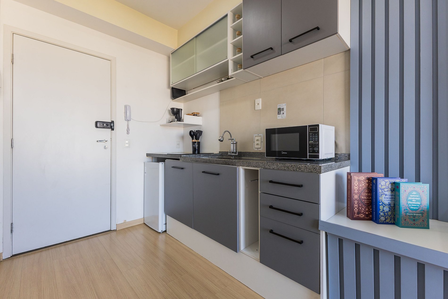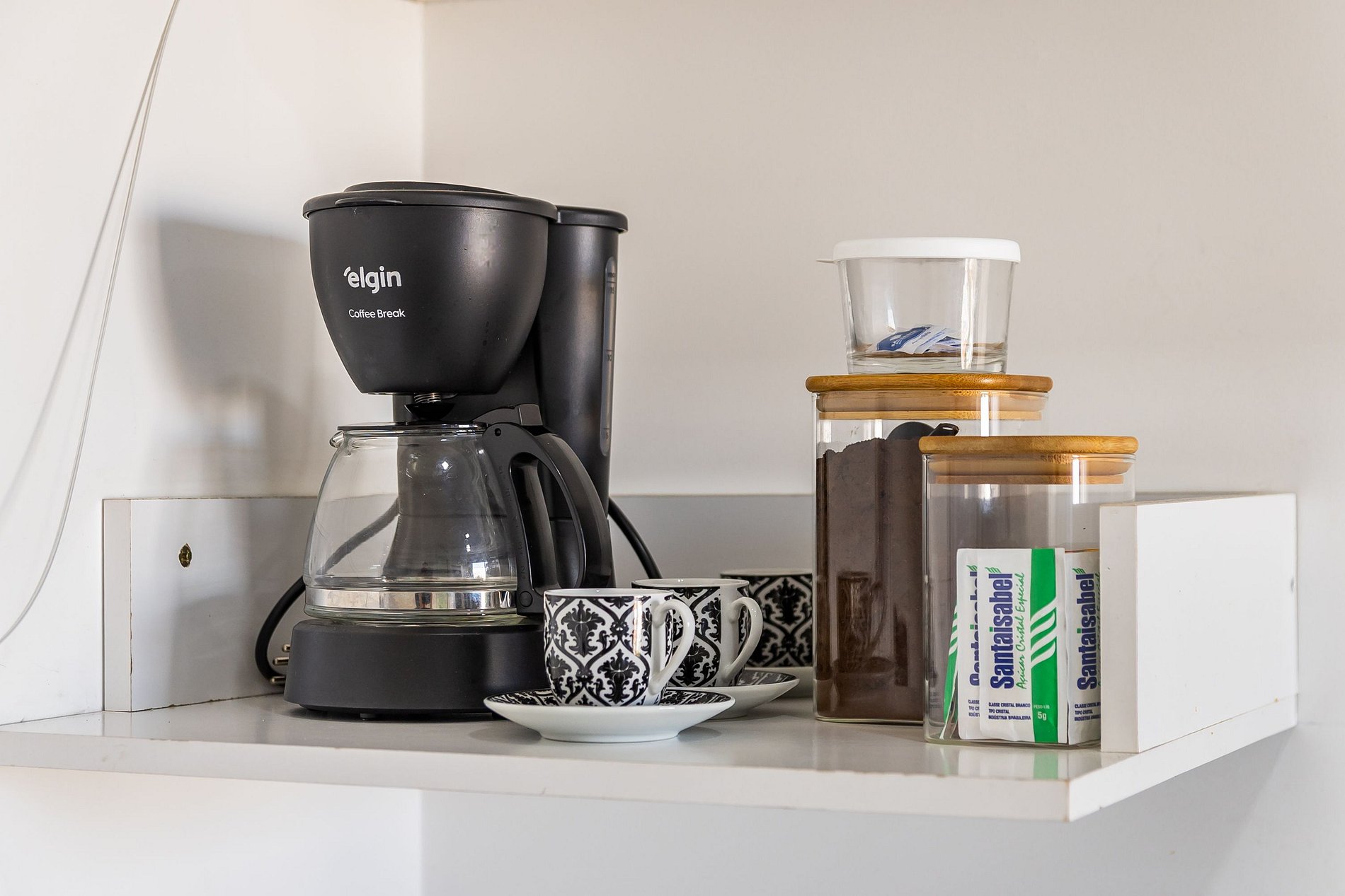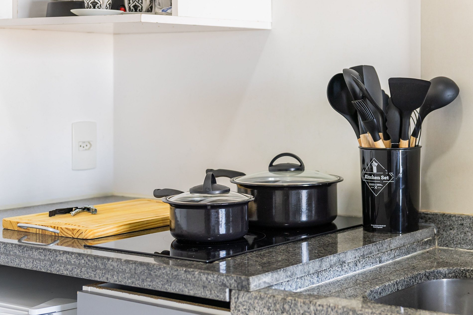 - Cozinha completa, equipada com geladeira, microondas, cafeteira elétrica, panelas, cooktop de indução de uma boca e demais itens
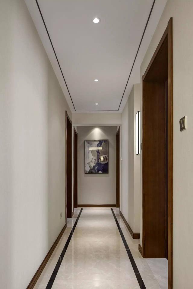 浅色的墙面与木色的门框相撞,同时踢脚线采用与门框相同的颜色,然后顶面及地面分别用了黑色线条点缀,让原本看起来单调又狭长的过道变得很有设计感,很耐看;
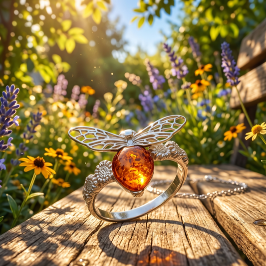 Baltic Amber Honey Bee Flower Ring 925 Sterling Silver 9x7.5mm Sizes 6-9
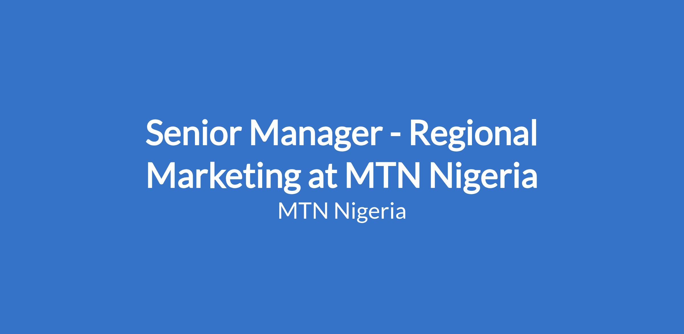 Senior Manager - Regional Marketing at MTN Nigeria
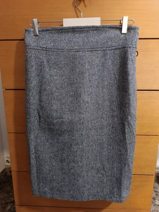 Elegante falda tubo de Zara, perfecta para cualquier ocasión. - Diseño clásico y versátil. - Cintura alta con detalle trabillas, para poner cinturón si se quiere. - Corte recto que estiliza la figura, con pliegues en costura. - Cierre trasero con cremallera y abertura trasera. - Forro liso color negro en viscosa. - Talla/38 - Composición: 94% lana + 6% viscosa. - Largo total aprox/ 67 cm. **IMPECABLE **SOLO SE HA PUESTO 2 VECES**
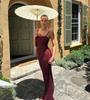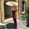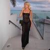 Vestido feminino estilo europeu e americano 2024, novo, moda feminina, gola sexy, perspectiva, renda, alça fina
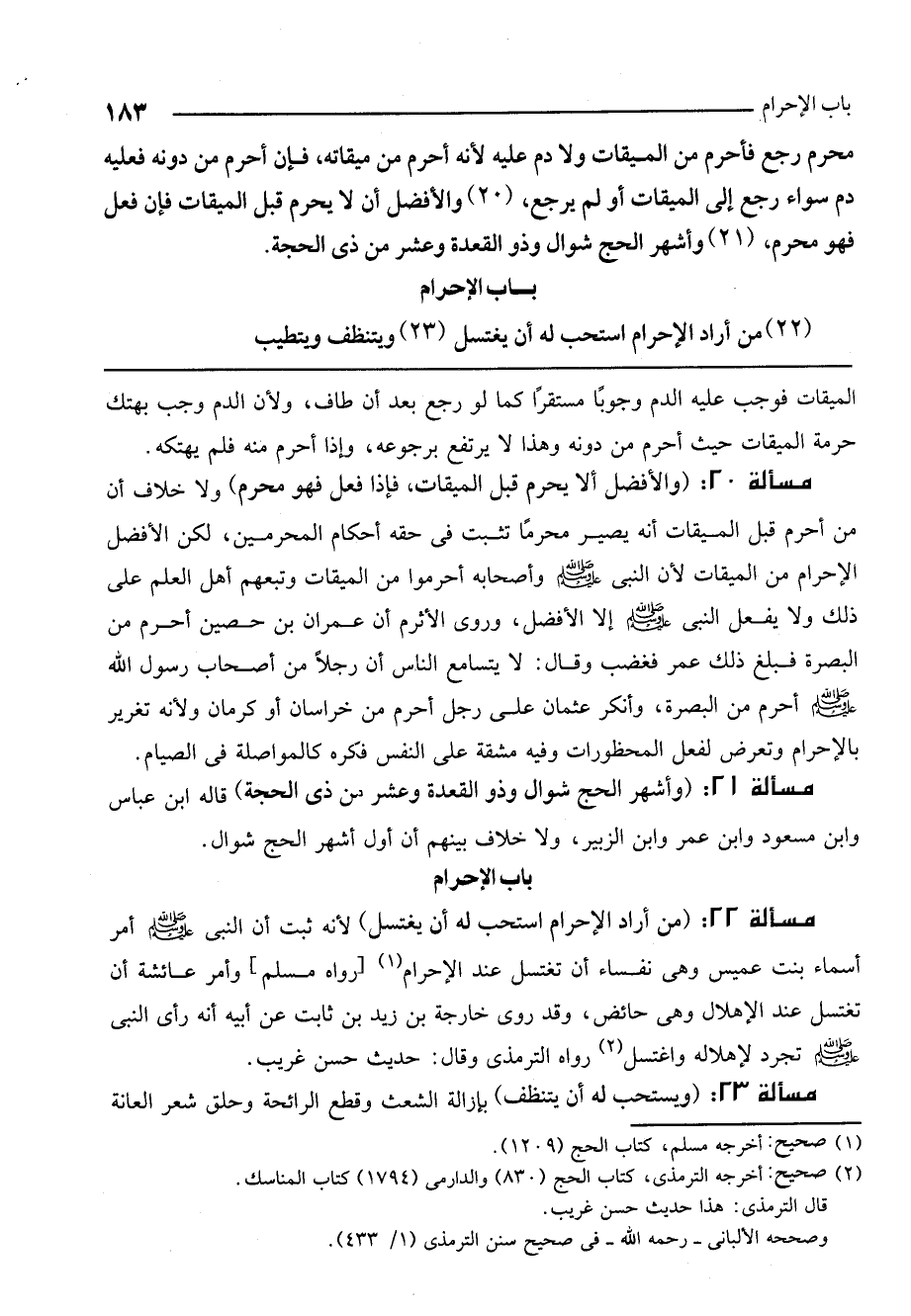 مسألة 22: (من أراد الإحرام استحب له أن يغتسل) لأنه ثبت «أن النبي - صَلَّى اللَّهُ عَلَيْهِ وَسَلَّمَ - أمر أسماء بنت عميس وهي نفساء أن تغتسل عند الإحرام» [رواه مسلم] ، «وأمر عائشة أن تغتسل عند الإهلال وهي حائض» . وقد «روى خارجة بن زيد بن ثابت عن أبيه أنه رأى النبي - صَلَّى اللَّهُ عَلَيْهِ وَسَلَّمَ - تجرد لإهلاله واغتسل» رواه الترمذي وقال: حديث حسن غريب.
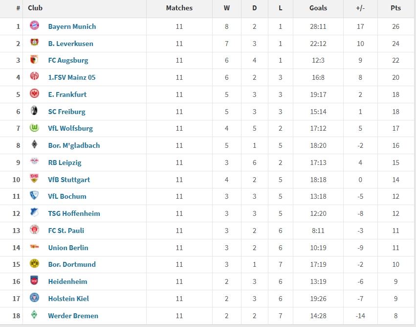 03月18日訊 2025年至今,德甲共進行了11場比賽,其中拜仁拿到26分最高,其次是24分的勒沃庫森,而萊比錫、多特分別僅拿到了15分和10分。

▬▬▬▬▬▬

EXERCISE AIM: Above, find the line with "Baltic Amber Honey"; copy it and every line down to the line with "Senior Manager - Regional", exactly and both included, but no pictures.

ANSWER TO THIS EXERCISE:
 Baltic Amber Honey Bee Flower Ring 925 Sterling Silver 9x7.5mm Sizes 6-9
 Senior Manager - Regional Marketing at MTN Nigeria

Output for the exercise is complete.